On 27 Sep 2005, at 07:10, Rusty Russell wrote:

Hiding control paths in macros is always a bad idea.  Forcing people to
use macros to use your code is bad to start with; look at the horrible
driver code we now have trying to handle zero-length files because xend
didn't use transactions.  Add that to the handling of backends without
frontends because of lacking transactions.  Add the individual drivers
having to handle EAGAIN from transaction commit, and read the FIXMEs.
Then add the use of UUIDS, which in addition to being hard to read,
adding a new abstraction and yet being of no current use, mean we have
to jump through hoops to get a unique in-kernel bus id.

Also, you want to add multiple concurrent transactions, and Keir wants
to get rid of the xenbus_lock so can they run in parallel.

And these are just the decisions I've been directly involved with.  No
surprise that we've made an undebuggable, unmaintainable mess so far.
And yet the default is still "yes" to new features, new requirements and
more complex APIs.  I seem to spend most of my time recently asking for
justifications for adding stuff; it'd be faster and much, much more fun
just to give in and code it up.

The transactional code we have in drivers right now is actually very simple. Most of the problems we have had are mainly due to buggy code getting checked in due to insufficient testing. Kind of understandable -- hacking the front/back drivers isn't, noone feels like they own them, so they don;t get properly tested when changes like e.g., EAGAIN on commit get checked in. I see that as our main barrier to stability, not adding an identifier to transaction, nor returning EAGAIN from reads/writes within a transaction.
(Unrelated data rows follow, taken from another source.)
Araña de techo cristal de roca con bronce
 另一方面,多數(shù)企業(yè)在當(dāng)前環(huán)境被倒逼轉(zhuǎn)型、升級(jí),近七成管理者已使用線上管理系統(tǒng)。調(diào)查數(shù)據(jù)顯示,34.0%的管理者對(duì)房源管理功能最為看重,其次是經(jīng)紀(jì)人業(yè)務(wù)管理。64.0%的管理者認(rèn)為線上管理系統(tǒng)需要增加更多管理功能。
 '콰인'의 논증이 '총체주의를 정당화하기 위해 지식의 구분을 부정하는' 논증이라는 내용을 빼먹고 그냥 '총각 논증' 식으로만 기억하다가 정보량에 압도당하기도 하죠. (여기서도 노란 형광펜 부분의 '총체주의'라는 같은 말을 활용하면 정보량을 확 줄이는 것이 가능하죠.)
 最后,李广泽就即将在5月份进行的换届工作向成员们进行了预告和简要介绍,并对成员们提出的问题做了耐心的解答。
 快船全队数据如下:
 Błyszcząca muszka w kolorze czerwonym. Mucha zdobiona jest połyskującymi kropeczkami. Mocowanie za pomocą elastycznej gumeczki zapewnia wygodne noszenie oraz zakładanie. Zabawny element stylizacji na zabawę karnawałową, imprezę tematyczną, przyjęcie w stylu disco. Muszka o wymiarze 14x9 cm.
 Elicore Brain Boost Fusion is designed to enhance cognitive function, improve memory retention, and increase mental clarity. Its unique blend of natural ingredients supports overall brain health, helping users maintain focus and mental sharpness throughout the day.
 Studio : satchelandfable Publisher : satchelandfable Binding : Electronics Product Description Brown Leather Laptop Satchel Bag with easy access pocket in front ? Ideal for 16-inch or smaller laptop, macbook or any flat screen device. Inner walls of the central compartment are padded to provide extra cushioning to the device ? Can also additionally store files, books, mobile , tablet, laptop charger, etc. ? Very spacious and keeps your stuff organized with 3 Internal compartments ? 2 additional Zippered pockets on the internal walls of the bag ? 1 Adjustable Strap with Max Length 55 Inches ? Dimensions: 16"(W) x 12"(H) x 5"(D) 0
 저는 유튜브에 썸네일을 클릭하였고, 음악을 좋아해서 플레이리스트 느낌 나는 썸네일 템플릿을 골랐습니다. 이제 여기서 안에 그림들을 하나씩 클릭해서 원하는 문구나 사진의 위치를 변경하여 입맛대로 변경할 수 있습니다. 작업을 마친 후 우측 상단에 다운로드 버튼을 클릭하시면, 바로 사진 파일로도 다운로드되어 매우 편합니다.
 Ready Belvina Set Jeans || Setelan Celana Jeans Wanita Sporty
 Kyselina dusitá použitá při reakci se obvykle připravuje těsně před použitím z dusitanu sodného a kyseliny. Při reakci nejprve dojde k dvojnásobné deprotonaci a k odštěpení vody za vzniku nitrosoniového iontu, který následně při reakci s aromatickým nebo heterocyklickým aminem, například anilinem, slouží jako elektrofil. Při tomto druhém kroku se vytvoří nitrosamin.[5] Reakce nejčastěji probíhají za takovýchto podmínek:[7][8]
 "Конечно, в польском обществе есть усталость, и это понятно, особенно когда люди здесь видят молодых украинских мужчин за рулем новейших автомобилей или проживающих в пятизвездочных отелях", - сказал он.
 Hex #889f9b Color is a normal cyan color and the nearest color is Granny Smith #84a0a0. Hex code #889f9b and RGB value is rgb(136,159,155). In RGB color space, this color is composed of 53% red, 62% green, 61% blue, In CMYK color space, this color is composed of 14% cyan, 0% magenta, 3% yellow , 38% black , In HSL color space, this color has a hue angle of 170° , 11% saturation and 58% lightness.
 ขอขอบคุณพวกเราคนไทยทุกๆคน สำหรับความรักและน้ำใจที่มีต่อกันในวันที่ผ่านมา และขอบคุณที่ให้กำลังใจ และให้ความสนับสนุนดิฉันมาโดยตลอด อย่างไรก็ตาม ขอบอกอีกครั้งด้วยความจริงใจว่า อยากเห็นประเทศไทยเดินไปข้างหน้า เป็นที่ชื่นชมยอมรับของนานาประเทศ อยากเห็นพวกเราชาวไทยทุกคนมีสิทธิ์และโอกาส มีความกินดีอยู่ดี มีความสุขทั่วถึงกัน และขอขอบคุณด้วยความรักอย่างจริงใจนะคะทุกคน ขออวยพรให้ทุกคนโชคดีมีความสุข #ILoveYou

Look at the transactional loops we have. Already they are naturally structured with a retry label at the top, they (now) contain only idempotent actions, and all accesses are straightforwardly done within a single function. In these situations, handling EAGAIN from reads/writes is a total cinch, and avoids us needing to implement mad things like transaction migration in the future. Okay, so we might end up with somewhat more complicated transactions in the future, but really: how complicated are they likely to get? Not very, imo.